Article publié dans Journalistes n°135, mars 2012.
« Il est difficile d’écrire un livre. L’écrire en prison, c’est encore plus difficile« , précisent Baris Pehlivan et Baris Terkoglu – deux journalistes du site turc d’information Odatv.com détenus depuis le 14 février 2011 à la prison de Silivri (Istanbul) dans le cadre de l’affaire « Ergenekon » – et qui viennent de publier un livre d’investigation baptisé « Sizinti. Wikileaks’te ünlü Türkler » (« Fuite. Les Turcs connus dans Wikileaks », éditions Kirmizikedi, février 2012).

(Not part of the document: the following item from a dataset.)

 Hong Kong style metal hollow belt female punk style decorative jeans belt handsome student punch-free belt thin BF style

L’ouvrage se focalise particulièrement sur les 7.918 câbles diplomatiques (messages cryptés envoyés entre 1966 et 2010 par l’ambassade des Etats-Unis à Ankara au Département d’Etat américain à Washington) et explique pourquoi la tempête mondiale des révélations provoquée par Wikileaks n’a pas eu le même impact en Turquie à cause de la mainmise et des pressions du pouvoir sur les médias dominants. Préférant d’abord ignorer les documents mettant à mal le double discours du parti gouvernemental AKP (népotisme, clientélisme, fonds secrets dans les paradis fiscaux,…), les médias turcs proches du pouvoir ont ensuite surfé sur la vague Wikileaks en ciblant seulement les passages traitant des adversaires de l’AKP (les militaires et les partis d’opposition).

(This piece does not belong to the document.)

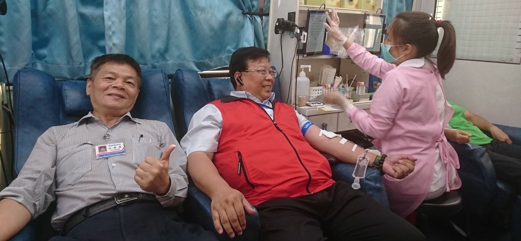 事業部副執行長徐漢(圖右)、高雄廠廠長楊進國、政風室主任武漢偉、行政室公關組經理沈勝國(圖左)等主管也愛心不落人後,先後前來捐血。

Pour contrer ce black-out et cette partialité médiatique, les deux Baris ont entamé une enquête journalistique sur l’angle turc de l’affaire Wikileaks en vue de faciliter l’accès du public (via leur site Odatv et la publication d’un livre en langue turque) aux contenus des échanges diplomatiques controversés. Mais le 14 février 2011, alors qu’ils étaient en train de travailler sur ce livre, leur inculpation a été accompagnée par la saisie de l’ensemble de leurs travaux et ordinateurs. Sans ceux-ci et sans dactylo, les deux journalistes inculpés ont alors décidé de réécrire à la main depuis leur cellule la totalité de leur enquête. Un ouvrage qui dévoile la face cachée du pouvoir turc. Le journaliste détenu et co-auteur du livre Baris Terkoglu a par ailleurs été symboliquement adopté par l’AGJPB.